Martin Heidegger: Antara fenomenologi ontologis dan hermeneutika
- Version 1.0
Table of Contents

Biografi
Martin Heidegger lahir di Meßkirch, Jerman pada tanggal 26 September 1889 dan meninggal 26 Mei 1976 pada usia 86 tahun. Heidegger belajar di Universitas Freiburg di bawah Edmund Husserl, penggagas fenomenologi, dan kemudian menjadi profesor di sana pada tahun 1928. Ia memengaruhi banyak filsuf, termasuk Gadamer, Levinas, Sartre, Derrida, Foucault, dan lain-lain.
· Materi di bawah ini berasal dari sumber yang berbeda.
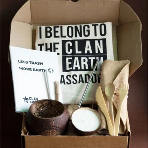 Celebrate festive season with Clan Earths Eco Friendly Essentials Gift Hamper, featuring a handcrafted Coconut Lantern, upcycled Coconut Shell Soy Wax Candle with Essential Oil, and a plantable Notebook, Pen, and Pencil. Complete with a Stainless Steel Straw, Cleaner, Bamboo Cutlery Set, and Jute Pouch, each item champions sustainability. Ideal for those who cherish eco-conscious living, this thoughtfully curated collection is beautifully packaged in a tote bag and bold recycled cardboard box. Give the gift of meaningful and planet-friendly choices this festive season, embodying the essence of Diwali through innovative, sustainable treasures.
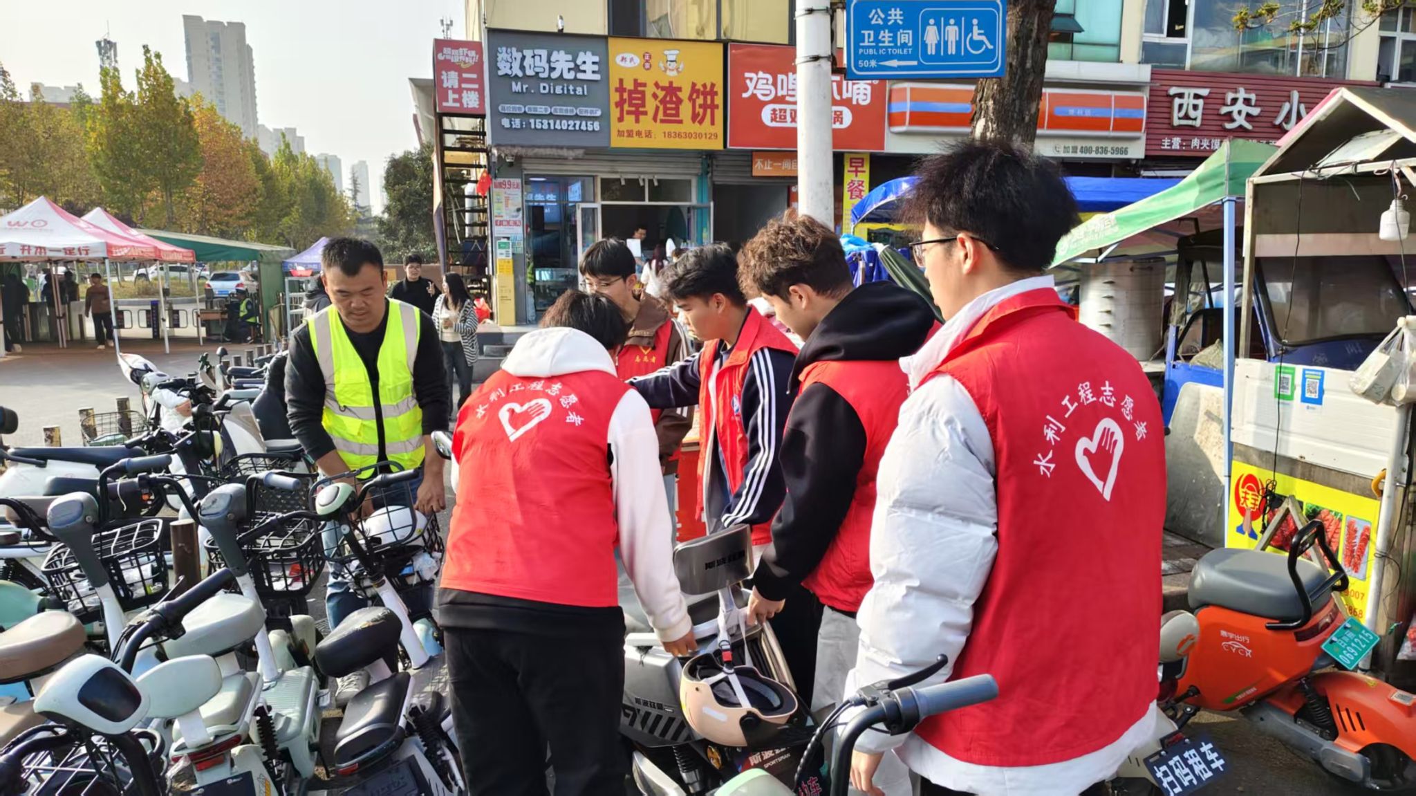 开展“文明骑行,平安校园”电动车专项整治行动。为进一步规范校园周边交通秩序,提升学生交通安全意识,水利工程系响应辖区交警中队号召,发起“文明骑行,平安校园”电动车专项整治行动。行动中,交警与志愿者共同参与,重点整治电动车违规停放、不佩戴安全头盔等行为,通过现场劝导、宣传教育与警示教育相结合的方式,引导学生自觉遵守交通规则,共建安全、有序、文明的校园交通环境。

Heidegger dianggap sebagai filsuf yang mengarahkan fenomenologi ke arah yang lebih ontologis dengan mempertanyakan manfaat atau nilai guna keber”ada”an manusia.
Heidegger sebenarnya diharapkan oleh keluarganya untuk menjadi seorang pendeta. Pada masa remaja, ia dipengaruhi oleh Aristoteles yang dikenalnya lewat teologi Kristen. Konsep tentang Ada, dalam pengertian tradisional ini, adalah perkenalan pertamanya dengan gagasan yang kelak ditanamkannya pada pusat karyanya yang paling terkenal, Being and Time (bahasa Jerman: Sein und Zeit). Keluarga Heidegger tidak cukup kaya untuk membiaya kuliahnya, dan ia membutuhkan beasiswa sehingga ia memilih untuk belajar agama. Meski demikian, saat menjadi mahasiswa, ia memilih untuk meninggalkan teologi dan beralih pada filsafat karena ia menemukan sumber pendanaan lain untuk studinya. Ia menulis disertasi doktoralnya berdasarkan sebuah teks yang saat itu dianggap sebagai karya Duns Scotus, seorang pemikir etika dan keagamaan abad ke-14.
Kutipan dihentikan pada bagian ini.